Elektrische Beleuchtung in Buchdruckereien

Elektrotechnische Zeitschrift • Mai 1880

Seit zwei Monaten – schreibt die Wiener Neue Freie Presse in ihrer Nummer vom 19. April – wird der Setzersaal unserer Druckerei mit elektrischem Licht beleuchtet, welches sich so vollständig bewährt, dass unsere Typographen es fortan als ein Unglück betrachten würden, wenn sie diese Beleuchtungsart künftig entbehren sollten. Durch acht elektrische Differentiallampen, welche von einer einzigen elektrischen Stromquelle (Wechselstrom-Maschine) durch eine Leitung genährt werden, wird volle Tageshelle in dem rechtwinklig gelegenen Saale verbreitet, welcher bisher mit 80 Gasflammen beleuchtet wurde.
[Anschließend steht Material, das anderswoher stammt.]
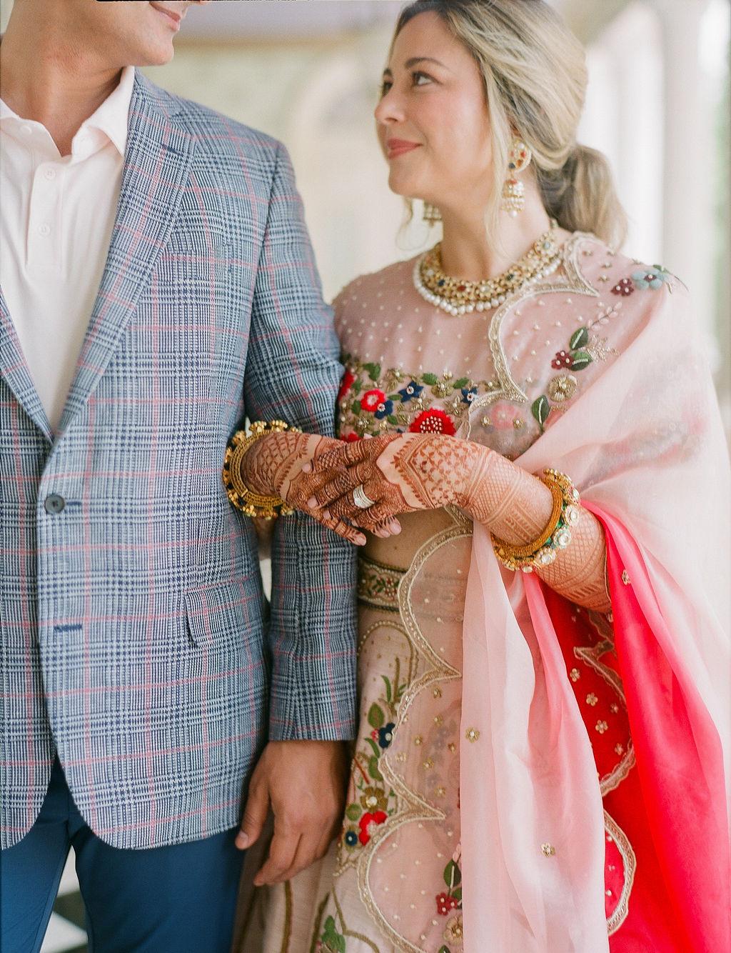 Bangles signify good fortune and prosperity, so brides wear stacks symmetrical bangles on each arm.
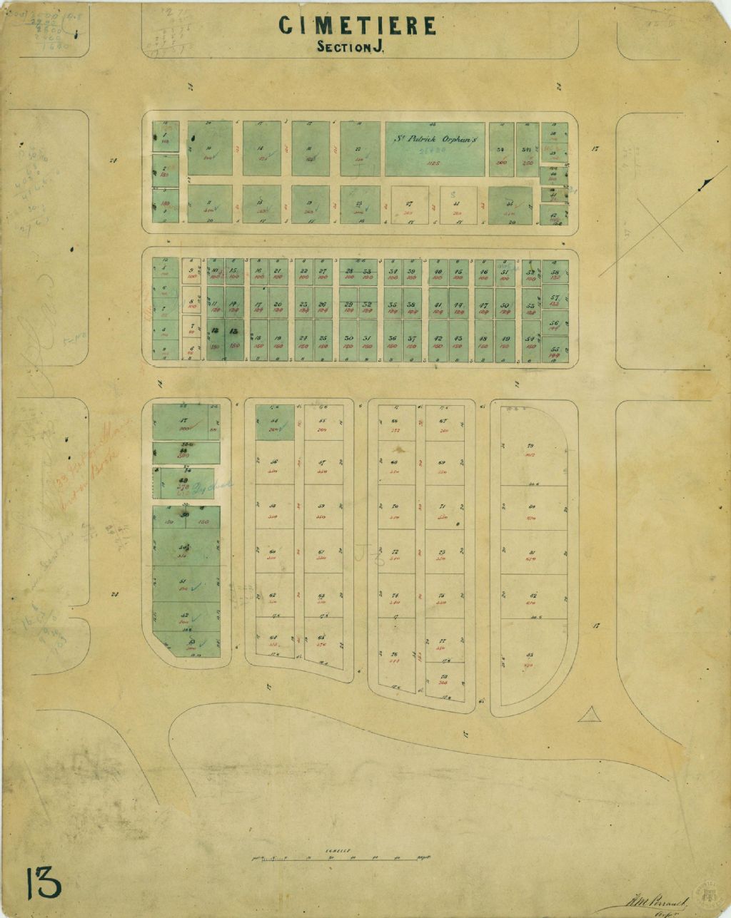 Cette section du cimetière Notre-Dame-des-Neiges contient 83 lots. Un lot est réservé pour l'orphelinat Saint-Patrick. Les mesures des lots sont indiquées

Die hellere Beleuchtung ist aber nicht der Hauptgewinn, welchen die Setzer von der neuen Einrichtung schöpfen – die vorzüglichste Annehmlichkeit ist vielmehr die gleichmäßige, angenehme Temperatur, die jetzt in dem geräumigen Saal herrscht und an Stelle der oft unerträglichen und gesundheitsschädlichen Hitze getreten ist, welche bis vor kurzem durch die große Zahl der zur Beleuchtung erforderlichen Gasflammen verbreitet ward. Noch ein Umstand mag hier Erwähnung finden, welcher in vielen Fällen dem elektrischen Licht den Vorzug einräumen dürfte, und zwar ist dies die fast absolute Feuergefahrlosigkeit, welche hierbei dadurch erzielt wird, dass zur Entzündung der Lampen keinerlei Zündstoff nötig ist, indem sowohl das Anbrennen wie Verlöschen der Lichter nur durch Ingangsetzung und Stillstand der Lichtmaschinen bzw. Unterbrechen und Schließen der Leitung hervorgebracht wird. Die Einrichtung ist nach dem von der Firma Siemens & Halske in Berlin erfundenem System geteilten elektrischen Lichts getroffen, welches auch zufolge der bei uns gemachten Erfahrungen unter allen bis jetzt angestellten Versuchen, geteiltes elektrisches Licht zur Darstellung zu bringen, als der gelungenste betrachtet werden muss.